Brad S. Karp is chairman and partner at Paul, Weiss, Rifkind, Wharton & Garrison LLP. This post is based on a Paul, Weiss publication by Mr. Karp, Charles E. Davidow, Andrew J. Ehrlich, Daniel J. Kramer, Audra J. Soloway and Daniel J. Juceam.

On June 26, 2017, the U.S. Supreme Court decided in California Public Employees’ Retirement System v. ANZ Securities, Inc., No. 16-373 (U.S.), that the class action tolling doctrine established in American Pipe & Construction Co. v. Utah, 414 U.S. 538 (1974), does not extend to the three-year statute of repose under Section 13 of the Securities Act of 1933 (the “Securities Act”).
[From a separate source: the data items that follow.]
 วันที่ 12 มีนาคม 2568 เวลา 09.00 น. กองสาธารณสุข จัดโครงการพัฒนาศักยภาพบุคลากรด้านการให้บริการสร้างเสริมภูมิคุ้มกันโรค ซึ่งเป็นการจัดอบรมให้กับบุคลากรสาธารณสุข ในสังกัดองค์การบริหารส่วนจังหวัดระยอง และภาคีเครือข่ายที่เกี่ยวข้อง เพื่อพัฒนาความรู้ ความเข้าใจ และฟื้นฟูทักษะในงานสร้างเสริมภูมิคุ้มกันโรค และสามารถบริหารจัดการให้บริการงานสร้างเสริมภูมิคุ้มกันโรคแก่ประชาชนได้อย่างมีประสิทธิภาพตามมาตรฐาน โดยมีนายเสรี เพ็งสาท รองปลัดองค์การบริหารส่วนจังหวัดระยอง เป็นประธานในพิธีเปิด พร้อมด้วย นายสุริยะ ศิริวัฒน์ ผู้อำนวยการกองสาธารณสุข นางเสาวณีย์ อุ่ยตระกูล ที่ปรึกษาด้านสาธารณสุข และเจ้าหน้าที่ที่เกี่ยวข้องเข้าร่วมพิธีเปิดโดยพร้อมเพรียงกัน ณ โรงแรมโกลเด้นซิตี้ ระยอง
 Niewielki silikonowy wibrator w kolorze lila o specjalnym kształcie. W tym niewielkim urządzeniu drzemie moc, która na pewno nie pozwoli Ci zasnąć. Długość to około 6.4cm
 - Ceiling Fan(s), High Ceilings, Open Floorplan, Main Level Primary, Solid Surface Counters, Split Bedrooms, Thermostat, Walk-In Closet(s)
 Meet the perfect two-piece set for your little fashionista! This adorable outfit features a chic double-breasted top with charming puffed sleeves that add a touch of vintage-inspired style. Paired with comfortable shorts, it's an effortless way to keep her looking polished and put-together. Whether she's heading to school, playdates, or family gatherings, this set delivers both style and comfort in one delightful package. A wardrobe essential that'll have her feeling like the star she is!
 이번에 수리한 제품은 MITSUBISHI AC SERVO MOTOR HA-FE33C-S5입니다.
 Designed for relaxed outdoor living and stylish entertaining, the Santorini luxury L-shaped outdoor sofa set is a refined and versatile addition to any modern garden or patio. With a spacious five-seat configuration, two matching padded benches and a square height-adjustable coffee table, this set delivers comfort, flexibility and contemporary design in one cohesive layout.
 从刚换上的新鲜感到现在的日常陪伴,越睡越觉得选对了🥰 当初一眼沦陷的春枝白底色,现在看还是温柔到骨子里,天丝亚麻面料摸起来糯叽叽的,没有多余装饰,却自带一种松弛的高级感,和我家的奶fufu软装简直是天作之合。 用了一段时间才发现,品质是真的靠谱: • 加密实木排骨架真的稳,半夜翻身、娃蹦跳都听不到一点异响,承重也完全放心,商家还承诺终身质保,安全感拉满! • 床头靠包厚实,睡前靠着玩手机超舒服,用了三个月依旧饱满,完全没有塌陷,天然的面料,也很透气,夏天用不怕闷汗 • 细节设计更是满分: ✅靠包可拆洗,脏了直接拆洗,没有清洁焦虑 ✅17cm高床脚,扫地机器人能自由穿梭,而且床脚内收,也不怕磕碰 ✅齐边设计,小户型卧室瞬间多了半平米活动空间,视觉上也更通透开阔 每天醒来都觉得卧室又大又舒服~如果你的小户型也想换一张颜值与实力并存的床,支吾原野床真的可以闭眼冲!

The Supreme Court has now resolved a nationwide split of authority as to whether class action tolling under American Pipe applies to statutes of repose. This ruling will preserve and enforce defendants’ right of repose in Securities Act cases. Because statutes of repose are not tolled by the filing of a class action complaint, plaintiffs who wish to file an opt-out action must do so before the statute of repose has expired or else their individual claims will be extinguished—even if the plaintiff is a putative class member in an ongoing class action. This decision is likely to limit the ability of institutional investors to employ a strategy of remaining as absent class members in securities class actions for years until a settlement is reached, only then to opt out and seek a premium for themselves by threatening defendants with a continuation of the litigation.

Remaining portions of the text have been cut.